YOUR ASSIGNMENT: The lines in the listing below are to be given again exactly, starting at the line holding "Mar 13 2026Beauty" and ending at the line holding "2024 여름 새로운". Do not include pictures.

SOURCE DATA:
● ● ● ● ● ● ●

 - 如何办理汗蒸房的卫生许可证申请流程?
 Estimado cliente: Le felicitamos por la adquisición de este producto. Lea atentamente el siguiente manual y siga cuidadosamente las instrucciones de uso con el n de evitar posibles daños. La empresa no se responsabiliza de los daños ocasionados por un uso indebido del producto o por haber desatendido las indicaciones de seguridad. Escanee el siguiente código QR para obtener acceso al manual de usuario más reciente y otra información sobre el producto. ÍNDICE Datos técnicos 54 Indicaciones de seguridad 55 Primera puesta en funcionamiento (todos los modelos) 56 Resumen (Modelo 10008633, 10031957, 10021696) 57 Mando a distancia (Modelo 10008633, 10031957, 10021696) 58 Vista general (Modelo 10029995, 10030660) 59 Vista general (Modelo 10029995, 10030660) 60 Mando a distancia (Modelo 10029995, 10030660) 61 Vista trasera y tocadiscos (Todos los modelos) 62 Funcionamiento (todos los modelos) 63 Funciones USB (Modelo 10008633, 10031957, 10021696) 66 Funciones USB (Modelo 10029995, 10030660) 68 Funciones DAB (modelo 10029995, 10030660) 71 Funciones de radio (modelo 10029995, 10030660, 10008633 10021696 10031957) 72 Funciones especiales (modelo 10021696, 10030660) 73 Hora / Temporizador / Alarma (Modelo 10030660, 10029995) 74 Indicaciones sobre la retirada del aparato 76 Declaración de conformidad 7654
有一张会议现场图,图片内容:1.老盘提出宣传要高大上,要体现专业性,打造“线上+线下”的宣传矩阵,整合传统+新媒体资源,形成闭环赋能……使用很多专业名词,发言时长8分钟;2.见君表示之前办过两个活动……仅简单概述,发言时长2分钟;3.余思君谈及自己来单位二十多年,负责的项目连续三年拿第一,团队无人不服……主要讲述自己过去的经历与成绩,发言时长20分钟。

● ● ● ● ● ● ●

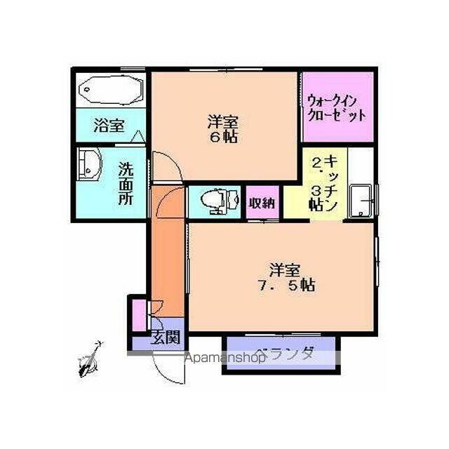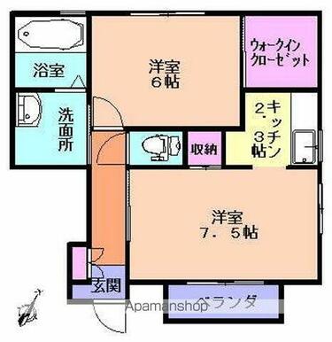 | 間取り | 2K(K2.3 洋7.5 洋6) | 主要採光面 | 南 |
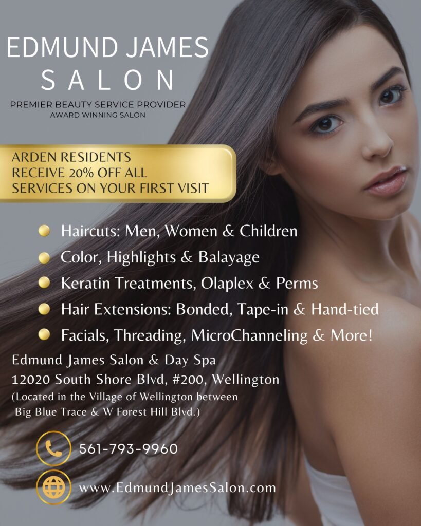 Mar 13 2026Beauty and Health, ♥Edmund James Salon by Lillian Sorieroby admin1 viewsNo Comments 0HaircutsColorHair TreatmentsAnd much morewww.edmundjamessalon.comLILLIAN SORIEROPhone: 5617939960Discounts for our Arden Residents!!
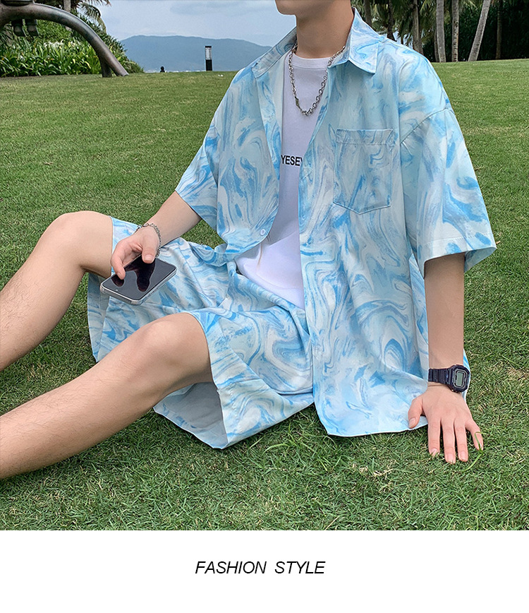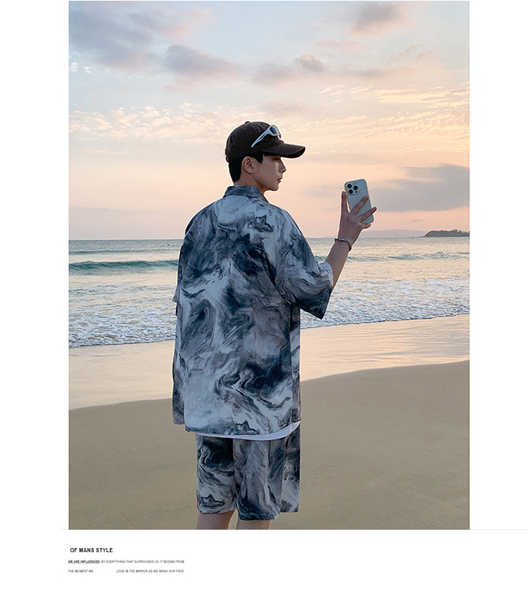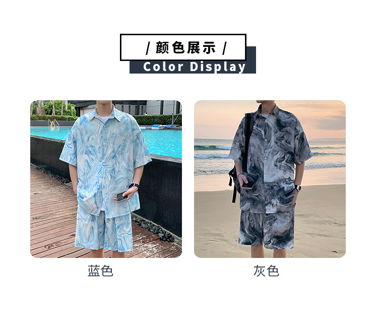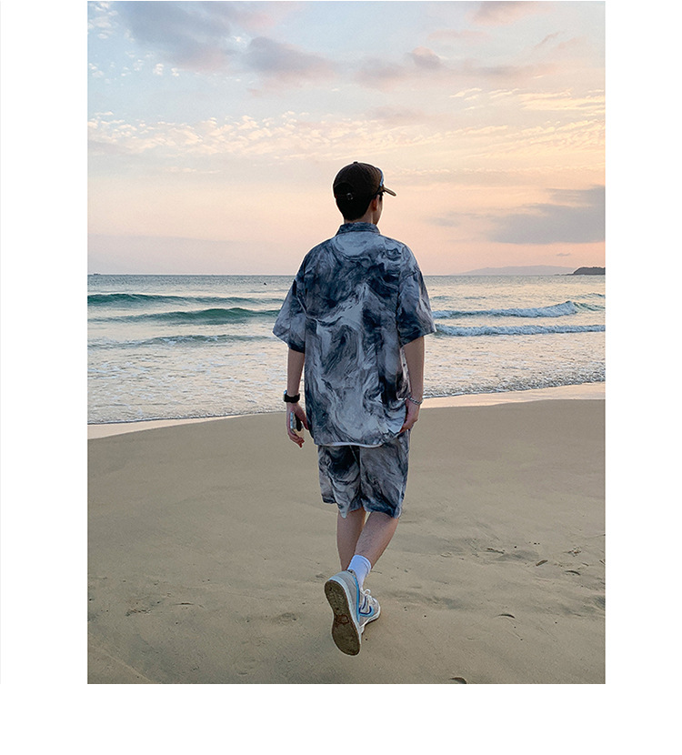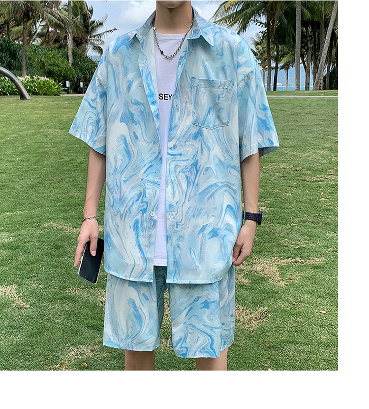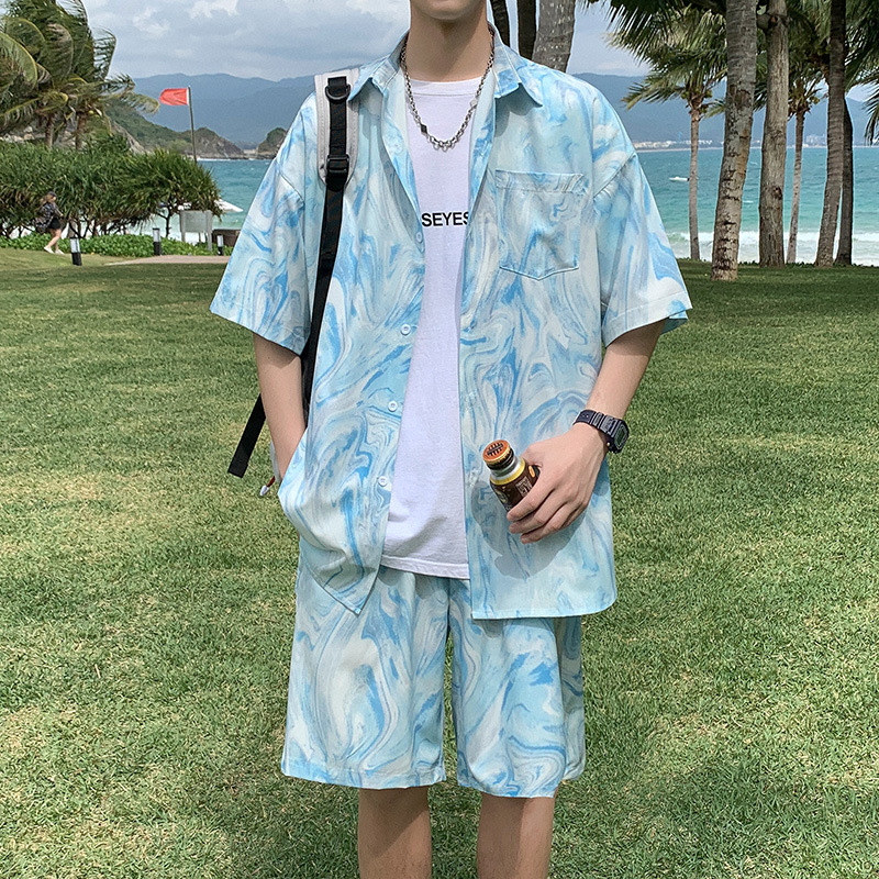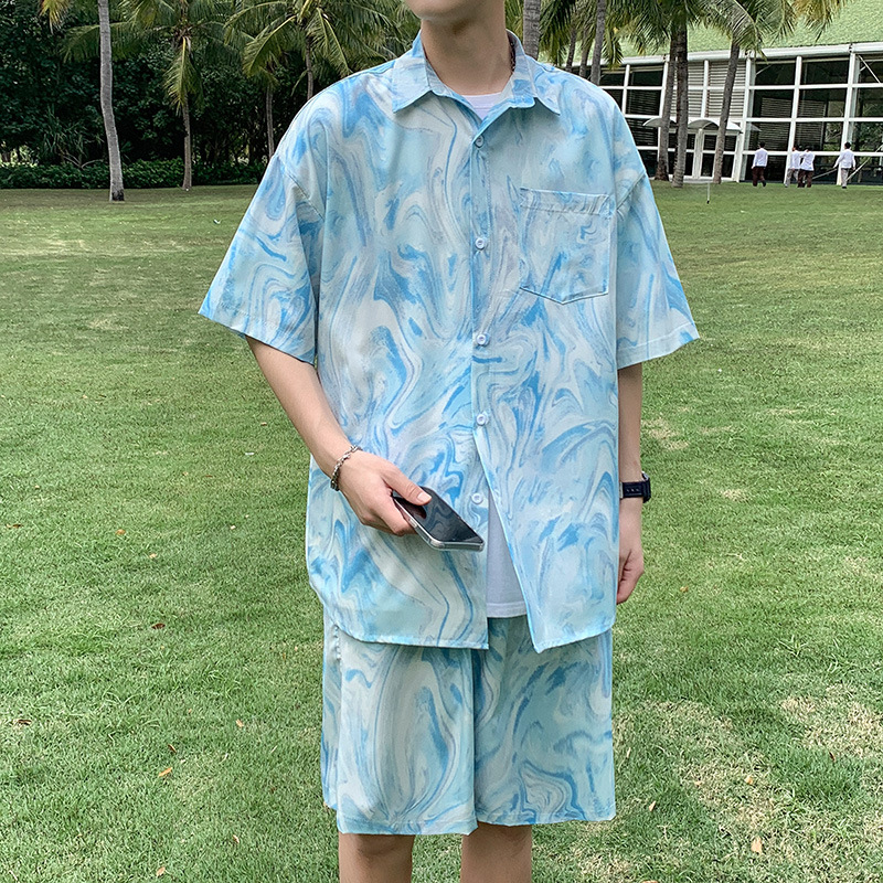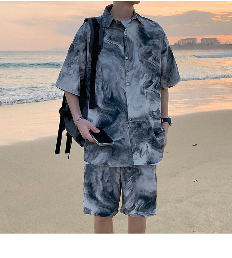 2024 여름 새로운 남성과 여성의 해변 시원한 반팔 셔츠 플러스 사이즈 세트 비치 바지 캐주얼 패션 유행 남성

● ● ● ● ● ● ●

FINISHED TASK:
 Mar 13 2026Beauty and Health, ♥Edmund James Salon by Lillian Sorieroby admin1 viewsNo Comments 0HaircutsColorHair TreatmentsAnd much morewww.edmundjamessalon.comLILLIAN SORIEROPhone: 5617939960Discounts for our Arden Residents!!
 2024 여름 새로운 남성과 여성의 해변 시원한 반팔 셔츠 플러스 사이즈 세트 비치 바지 캐주얼 패션 유행 남성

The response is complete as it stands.